# What's your name?



## Faraón80

How do you say in Hebrew:

Whats your name?

My name is so and so...

I would appreciate it if you put the phonetics in english and the actual letters in hebrew.

Thanks in advance.


----------



## elroy

_What is your name? _- ?איך קוראים לך (to a man: _ech korim lecha_; to a woman: _ech korim lach_) or ?מה שמך (to a man: _ma shimcha_; to a woman: _ma shmech_)

_My name is..._ - ...קוראים לי (_korim li..._) or ...שמי (_shmi..._)


----------



## dcx97

What is the difference between ?מה שמך and ?איך קוראים לך ?

I'm guessing the difference is the same as that between "Quel est votre nom ?" and "Comment vous appelez-vous ?" in French. The former is grammatically correct but native speakers never speak that way; they ALWAYS use the latter.


----------



## ADoA

There is no difference in intention, but there is a difference in formality and literal meaning.

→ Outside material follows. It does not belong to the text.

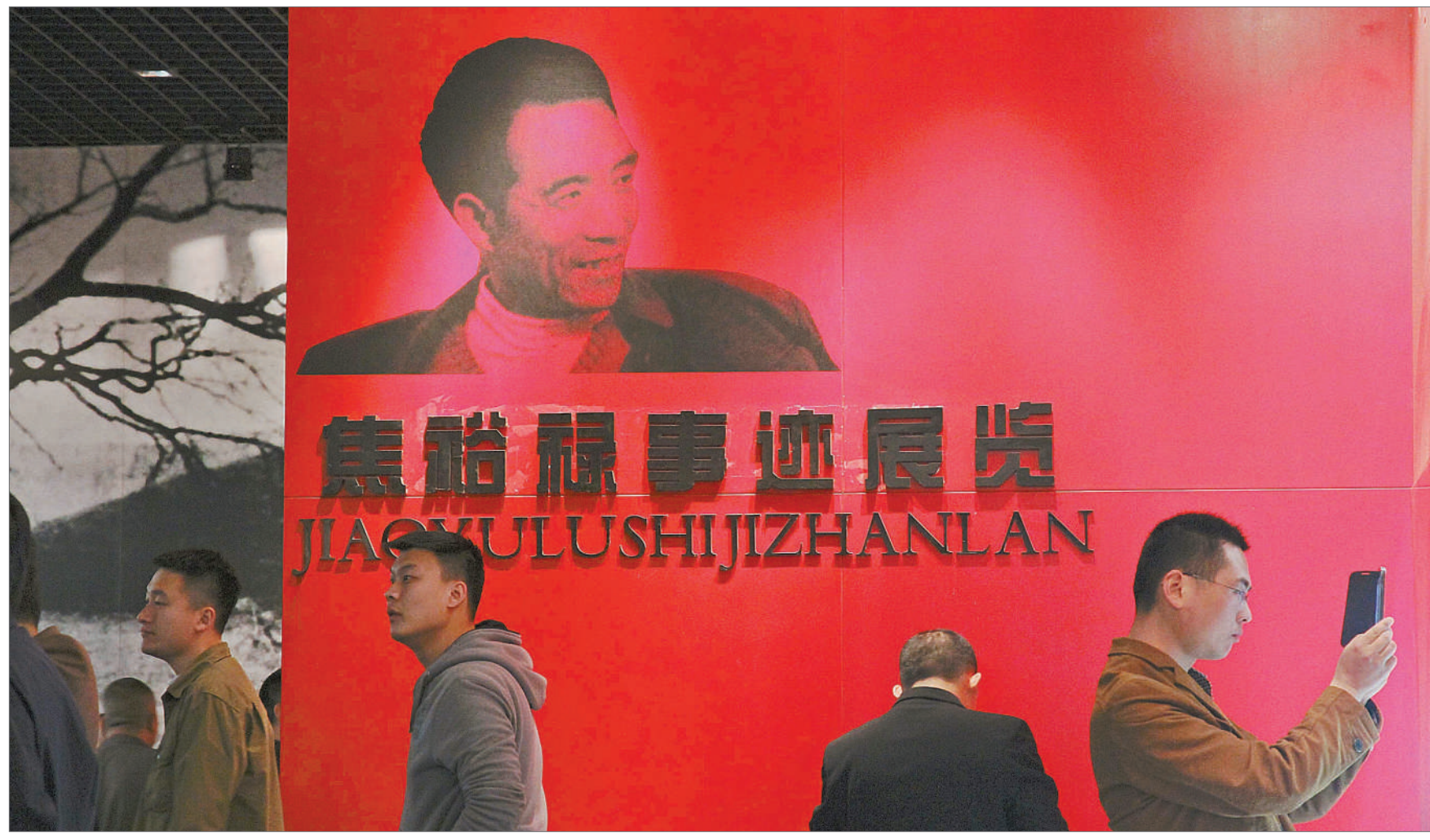
2014年4月2日，来自全国各地的党员干部在河南省开封市兰考县焦裕禄同志纪念馆参观学习。

מה שמך is very formal and literally translates to "what is your name." It is very close to another, less formal way of asking someone's name, מה השם שלך
איך קוראים לך is the least formal and literally translates to "how are you being called"
Elroy's phonetics are dead on, but the word *korim *is pronounced *kor'im*, with a slight accent on the letter 'i.'


----------



## dcx97

I see. Thank you!
I've always heard קוראים pronounced "ko rim", never "kor im". I guess I didn't listen closely enough.


----------



## ADoA

It's hard to notice sometimes and some actually mispronounce it when speaking fast (younger generation I'm sure), but the 'i' has to be pronounced as a result of the Alef (א) being there


----------



## dcx97

So the formal pronunciation is "kor-im", not "ko-rim"?


----------



## ADoA

That's correct. 

I came across a very useful website earlier which will explain this beautifully. I can't provide a direct link because the post is flagged for moderation and the moderators take forever. The website's name is Forvo. Type in קוראים and you'll come up with a number of sentences with the actual spoken word that you can play.


----------



## dcx97

Thanks!


----------